Expression of MMPs is known to increase in response to pro-fibrotic pulmonary insults, leading us to examine whether levels of these enzymes were further dysregulated in the HPS2 lung after pulmonary challenge. To test this, we administered a one-time, low dose (0.025 U) of bleomycin into the oropharynx of wild-type and HPS2 mice. The decision to use a low-dose of bleomycin was based on the understanding that HPS mice are exquisitely sensitive to this genotoxic insult, and that higher doses are universally fatal [17, 18, 26]. Consistent with this being a mild pulmonary insult, we found that low-dose bleomycin had little to no effect on the expression of MMPs in the lungs of wild-type mice at day 7 after injury (data not shown). In contrast, transcript levels for all of the MMPs assessed were significantly increased in the lungs of HPS2 mice relative to injured wild-type controls (Fig. 3a). Moreover, elevated transcript levels were also associated a marked upregulation in protein expression (Fig. 3b, d) and a dramatic increase in enzymatic activity for MMP-2 and -9 in whole lung lysates and BAL fluid (Fig. 3c, e).

Since broadly inhibiting MMP activity has been associated with significant toxicity in numerous cancer studies [19], we sought to examine the effects of inhibiting an upstream regulator of MMP activity.

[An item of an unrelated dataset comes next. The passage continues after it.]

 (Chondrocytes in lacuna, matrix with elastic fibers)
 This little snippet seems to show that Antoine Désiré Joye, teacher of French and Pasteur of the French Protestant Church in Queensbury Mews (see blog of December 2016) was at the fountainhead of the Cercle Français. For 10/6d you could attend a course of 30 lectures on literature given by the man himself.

This would also circumvent the need to simultaneously inhibit multiple MMP enzymes. Recent work has shown that MMP expression can be regulated by the enzyme Akt [21, 31, 32], leading us to hypothesize that dysregulation of Akt might contribute to altering MMP expression in the HPS lung. To test this hypothesis, we compared levels of total and phosphorylated forms of this enzyme in control and HPS tissues. Although we did not detect a significant increase in total Akt levels, the activated form of this enzyme was dramatically increased in whole lung digests of HPS2 mice at baseline and at 7 days after bleomycin. Similarly to whole lung tissues, we found that phosphorylated Akt levels were also increased in AP3 deficient lung epithelial cells (Fig. 4b) at baseline and at 24 h after bleomycin exposure (Fig. 4c) and that this associated with an upregulation in MMP-2 and -9 expression (Fig. 4d). In order to determine whether Akt regulates MMP expression, we exposed cells to a pharmacological inhibitor of Akt to examine the effects on MMP levels. As shown in Fig. 4e, we found that pharmacological inhibition of Akt significantly reduced MMP levels in bleomycin-exposed cells, supporting the notion that chronic activation of Akt contributes to elevated MMP expression in the HPS lung.

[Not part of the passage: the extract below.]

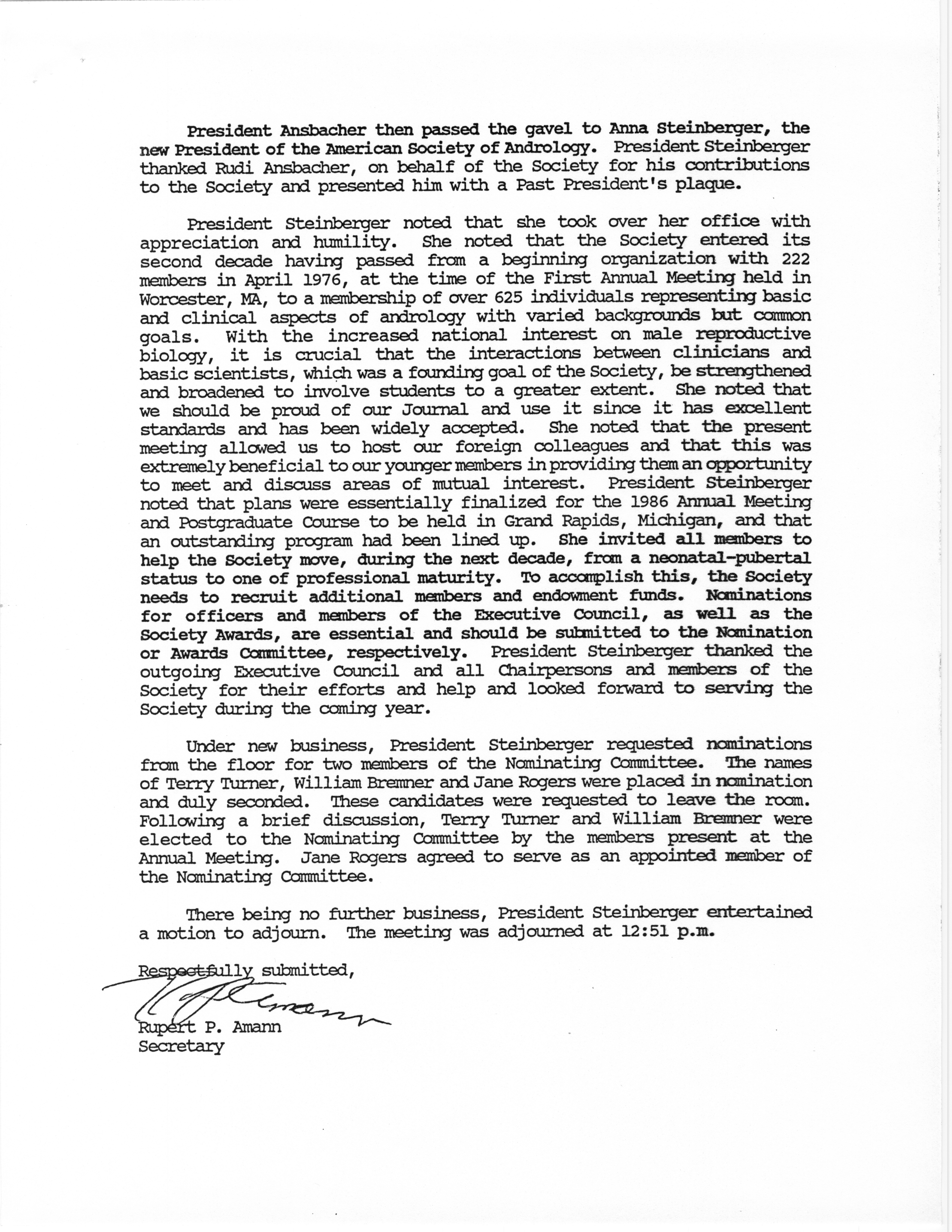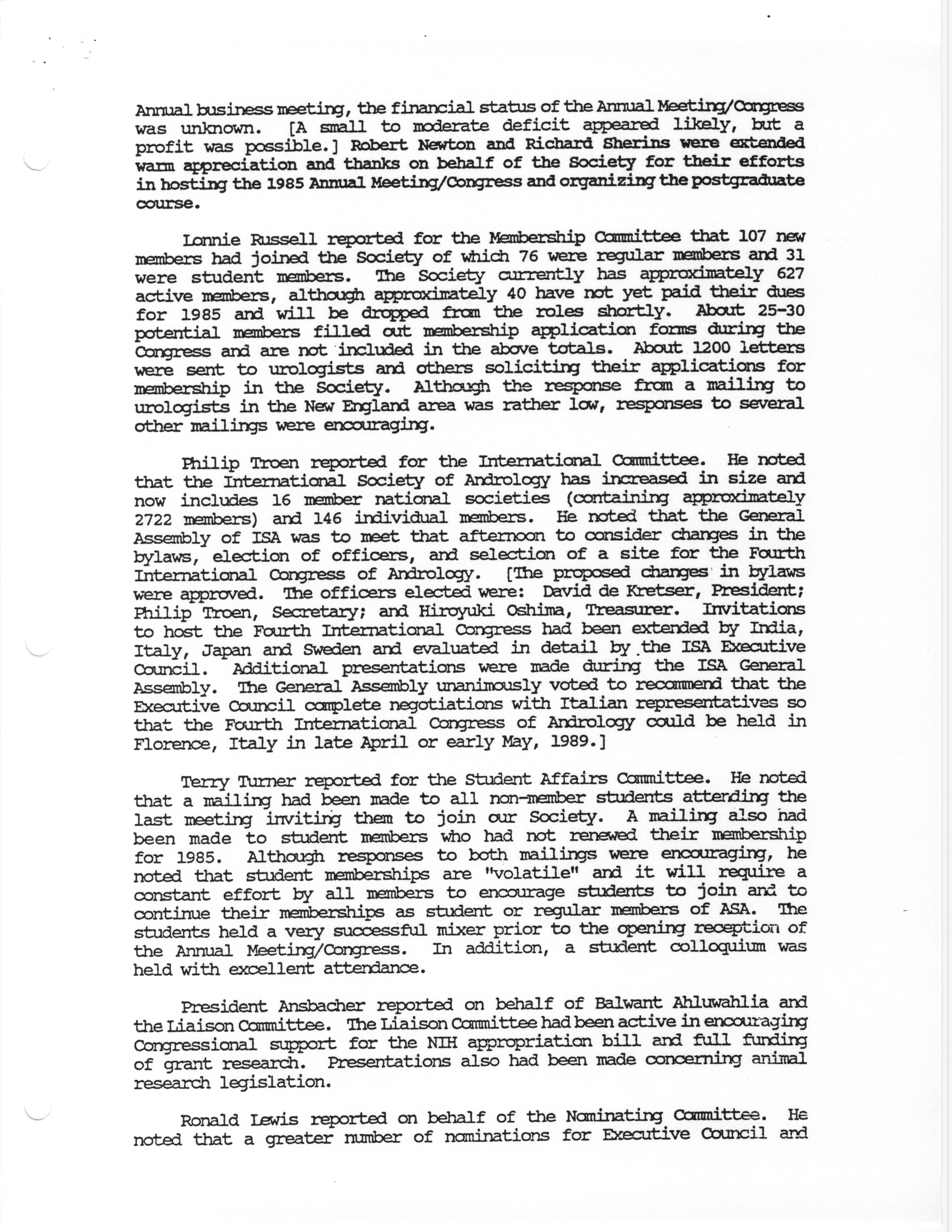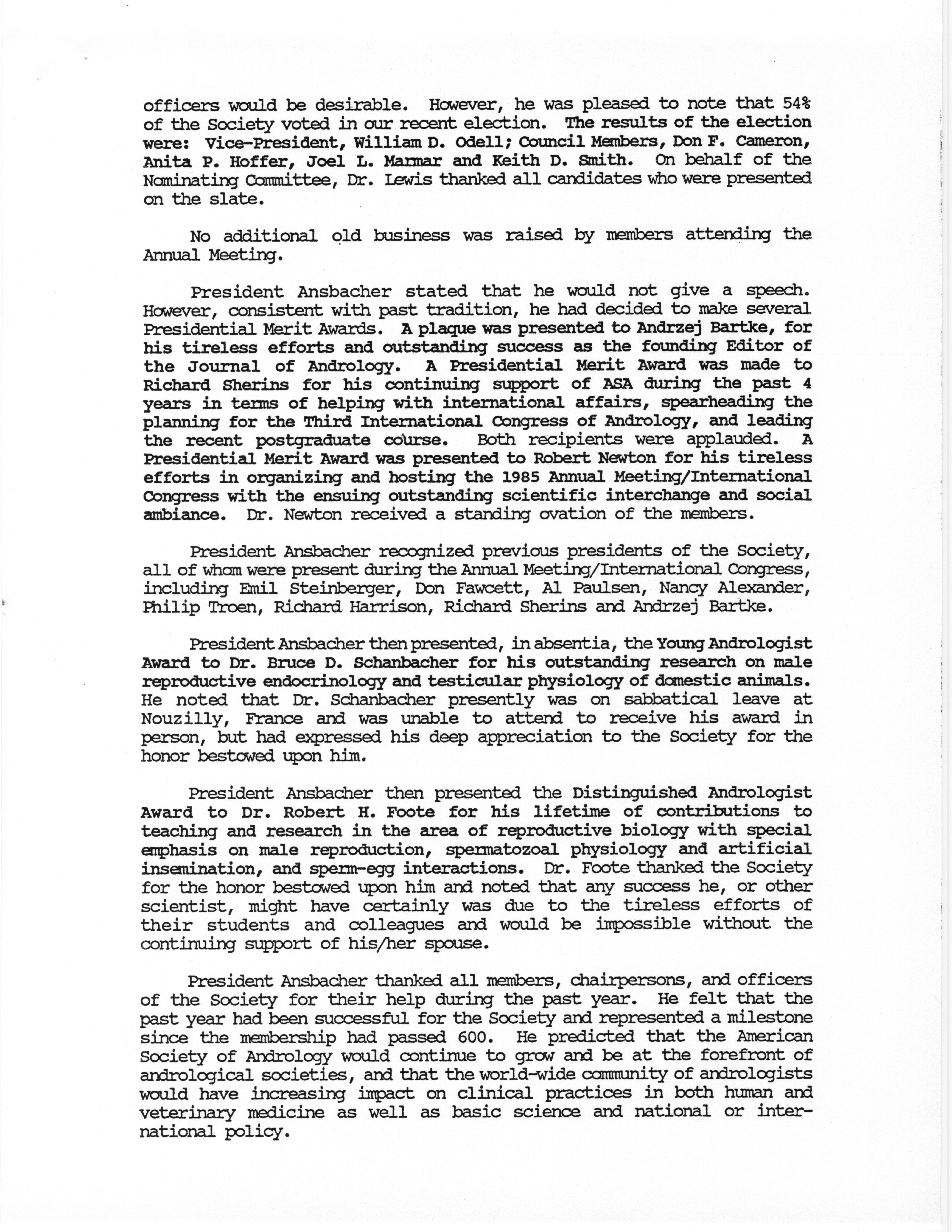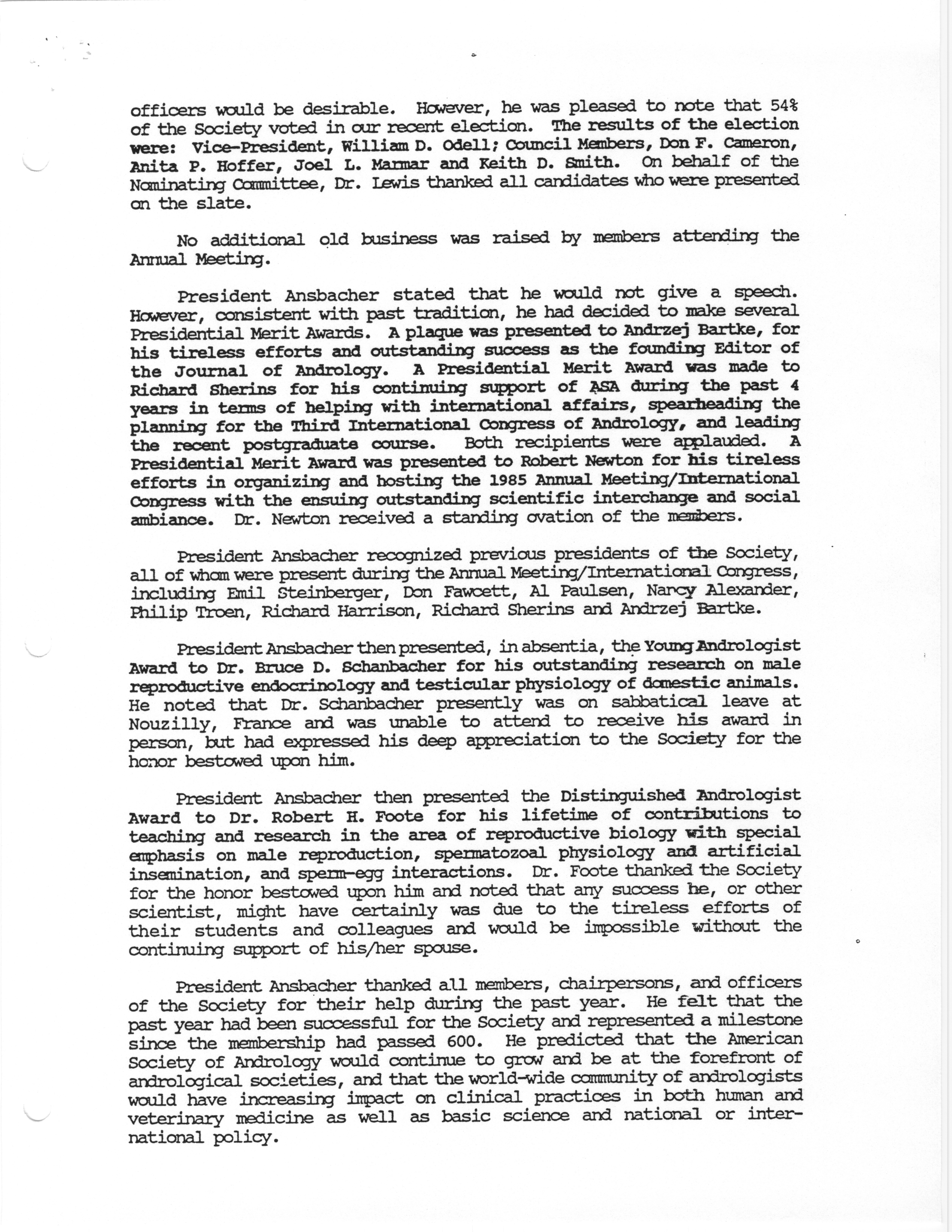 - "Business Meeting of the American Society of Andrology, 1985", American Society of Andrology Collection, Iowa State University Library Digital Collections

Next, to determine whether MMP expression is dysregulated in other HPS models, we measured transcript levels for various MMPs in the lungs of HPS1 mice. Strikingly, we detected a marked upregulation in transcript levels for multiple MMPs in the lungs of HPS1 mice, including Mmp-2 and -9 as well as the Mmps 3, − 8, − 12 and − 14 (Fig. 5a). Similarly to HPS2 mice, we also found that protein levels for MMP-2 and -9 were increased in whole lung digests and that MMP-2 gelatinase activity was increased in the BALF fluid relative to age-matched controls (Fig. 5b, c). Likewise, transcript levels for MMPs were also dramatically increased in the lungs of HPS1 mice after bleomycin (Fig. 5d), and this associated with elevated MMP-2 and -9 protein levels in whole lung tissue digests (data not shown) and BALF (Fig. 5e).

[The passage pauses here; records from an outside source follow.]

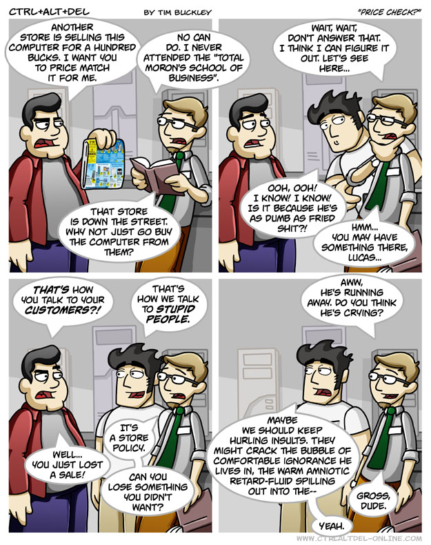 First Previous Random Next Last | 4 Share You are currently browsing the archive for Ctrl Alt Del First Previous Archive Random Next Last | 4 Share Tweet 24 Price check? April 7, 2006 by Tim Subscribe Notify of new follow-up comments new replies to my comments Label {} [+] Name* Email* Δ Label {} [+] Name* Email* Δ 4 Comments Oldest Newest Most Voted Inline Feedbacks View all comments Shawn 5 years ago If this panel were written today, it’d be followed by a month-long arc where Lucas and his boss get taken to court for causing PTSD or some equally snowflakey crap. Hmmmhmm 5 years ago Reply to Shawn Dude you sound like you’re from 2015, enough of this boring “haha I hate sjws” crap. Richard Weatherfield 3 years ago Reply to Hmmmhmm Sounds like something an SJW would say. 😛 Jamie 3 years ago Reply to Shawn *he said, triggered by a word in a comic* put the outrage away for a sec, enjoy some more quality comics
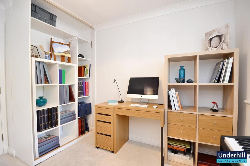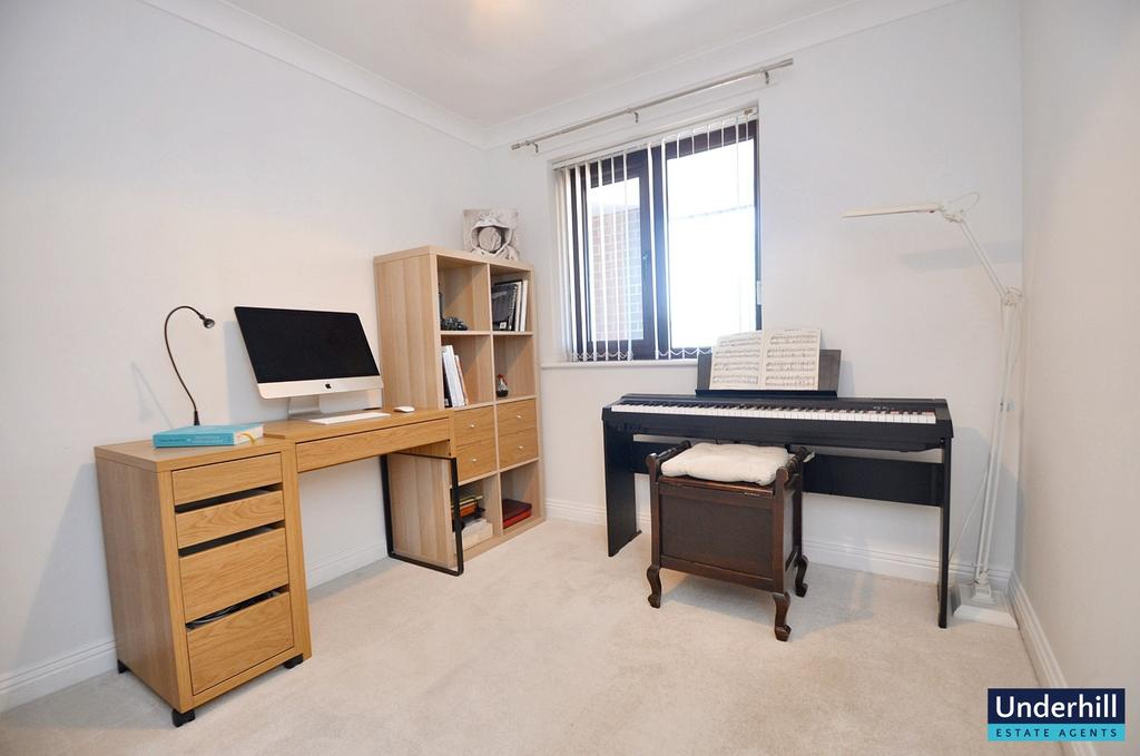 The second bedroom offers versatility; it could be ideal as a guest room, home office, or hobby space, depending on your needs. A fitted wardrobe has been used to create additional display storage.
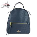 超美品 COACH コーチ シグネチャー ネイビー ゴールド金具 レザー リュック・デイパック レディース 504999
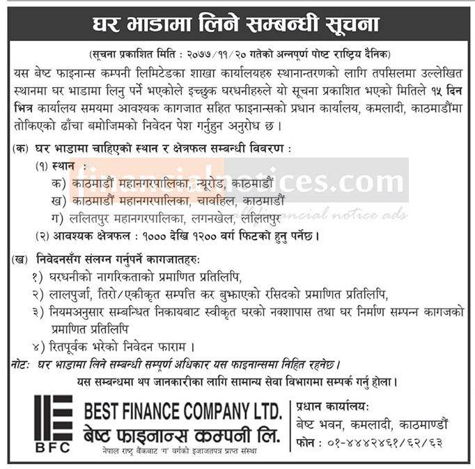 घर भाडामा लिने सम्बन्धी सूचना
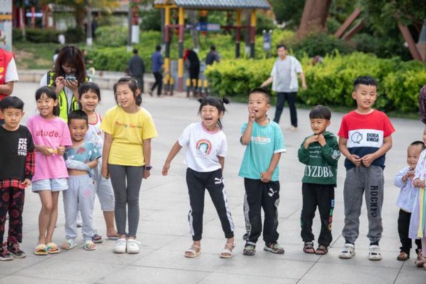 5月23日在云南省漾濞县人和广场安置点 孩子们在玩游戏 新华社记者胡超 摄
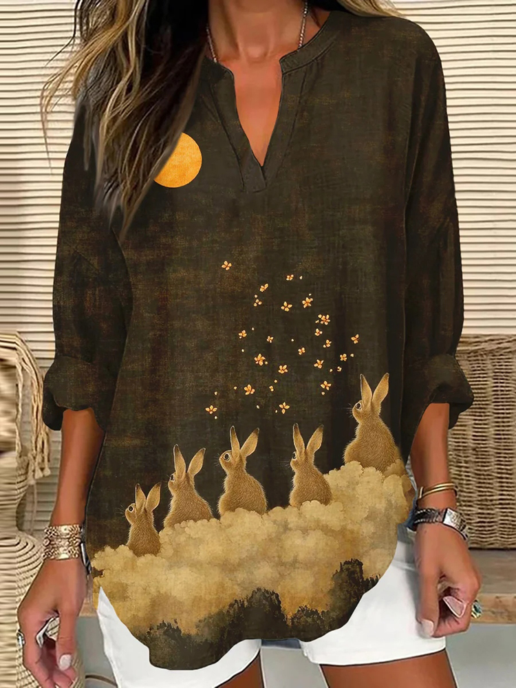 Vintage Easter Bunny Print Art Linen Blend Cozy Tunic

Finally, to determine whether findings in mouse models were relevant to human disease, we assessed whether levels or activity of MMPs were altered in the lungs of HPS patients. As shown in Fig. 6, we found that protein levels for both MMP-2 and -9 were significantly increased in BALF of HPS patients relative to controls. Moreover, this associated with a significant upregulation in MMP-2 activity (Fig. 7a), although MMP-9 activity did not significantly differ between control and HPS patients (Fig. 7b). Interestingly, neither levels of MMP-2 and -9 nor activity of MMP-2 associated with the presence or absence of fibrosis or measures of lung function, such as diffusing for carbon monoxide or forced vital capacity (Fig. 7c, d).